The specific character of rifles Dimick promised to get is difficult to assess, conforming as they must to a long discarded sample rifle once in Colonel Birge's care. By April 27, 1862, Dimick had delivered 472 sporting rifles at $25 each; the account was paid May 20. But, considering the irregularities in getting funds out to Fremont, and the fact that Dimick had 150 guns actually on hand in September, it is no libel to suppose he had acutally delivered at least the 150 by the end of September. We believe these arms included para-military target rifles of the prong butt style affected by the German-Swiss schuetzen clubs of the middle west in the 1850s. Often they were fitted for bayonet - socket, clasp, or sword - to conform to a special shooting match for military target work. Some of these special rifles, adapted for fighting, and for accurate shooting, were what Dimick obtained. When Birge's Sharpshooters were disbanded and translated into the 67th Regiment Illinois Volunteers, a colorful corps of men vanished from history. Their patron, General Fremont, nearly did, too. Yet his faults in the armaments race were three:
He equipped his men with 5,000 new breech-loading .58 caliber carbines when there were none to be had at any price.

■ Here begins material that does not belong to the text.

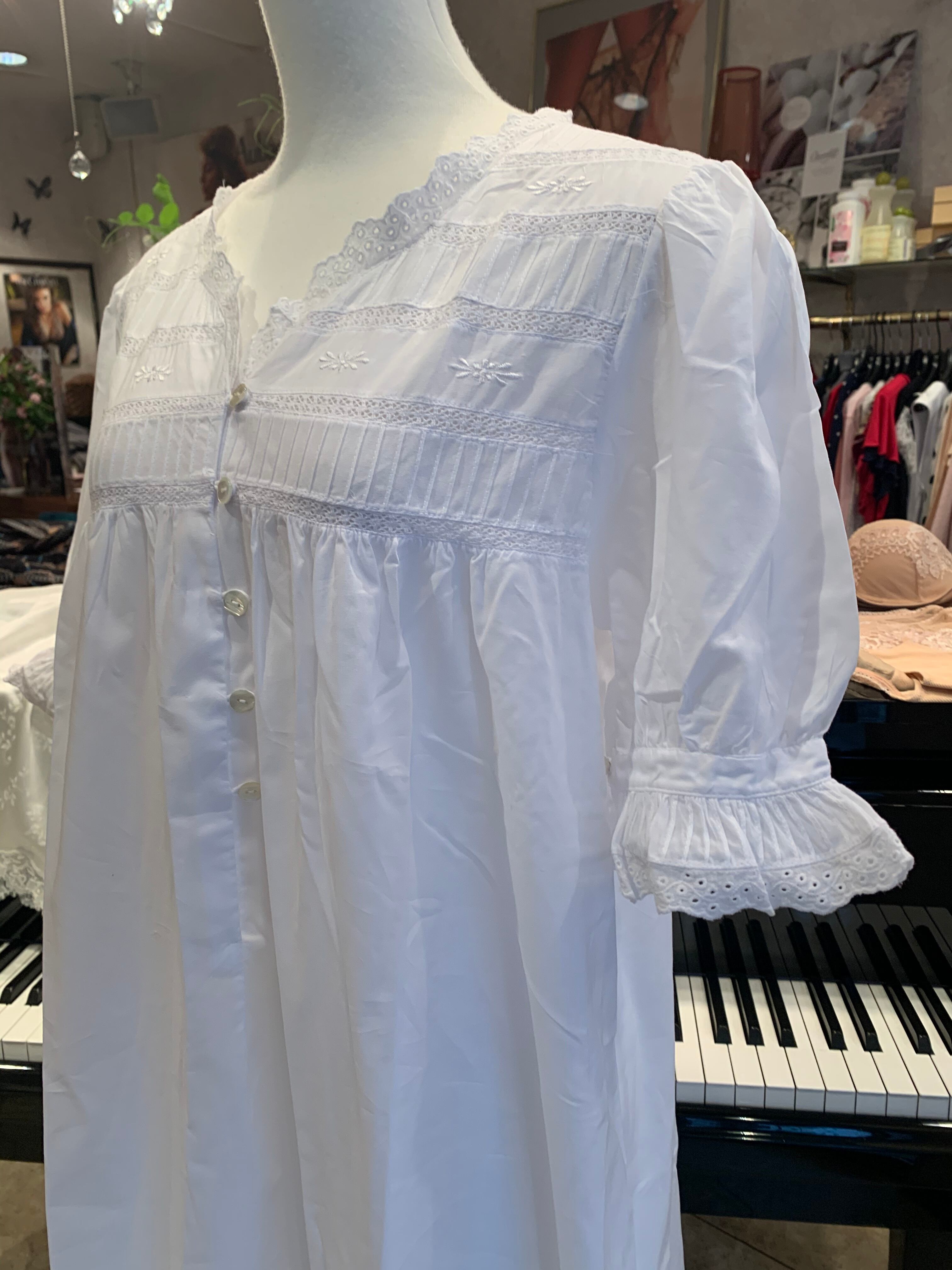 ♡ピュアコットン100%のナイトウェアブランドのティア。真っ白なロマンティックなデザインと上質なコットンの肌触りが心地よいナイティです。

He established a training cadre that in six weeks turned plow jockeys into tiger-mad swordsmen willing to follow a crazy, but valiant little Hungarian saddle tramp into the gates of Hell.
He set up up a corps of trained, expert woodsmen, dressed in forest green and wielding bayoneted target rifles With these errors, the record of Fremont in the West was ended." - William B. Edwards

"Record clearly reveal the government purchased 2,707 'COMMON SPORTSMAN RIFLES' 1861-1862; likely more. Well known St. Louis maker Horace Dimick received a contract from General J.C. Fremont for 1,000 percussion sporting rifles to arm the 14th Missiouri ('Birge's Sharpshooter', later the 66th Ill. Inf.). All acquired some from other makers/dealers. Existing photographs reveal guns as half-stock rifles varying in features (double and single wedge forends; back action and bar locks, with and without patchbox, etc.) Early correspondence mentioned saber type bayonets, but likely only a few so-fitted. Known to have been serial numbered (likely on face of muzzle) and issued with bullet mold (likely numbered to match.) Caliber .48 to .55. (Note: Colorado Territory also purchased 'sporting rifles' to arm their 1st Reg't of Volunteers, Sept. 1861.)" - Flayderman

Edwards, William B. CIVIL WAR GUNS. Castle. Secaucus, N.J. 1982.
Gardner, Colonel Robert E. SMALL ARMS MAKERS. Crown Publishers, Inc. N.Y., N.Y. 1963.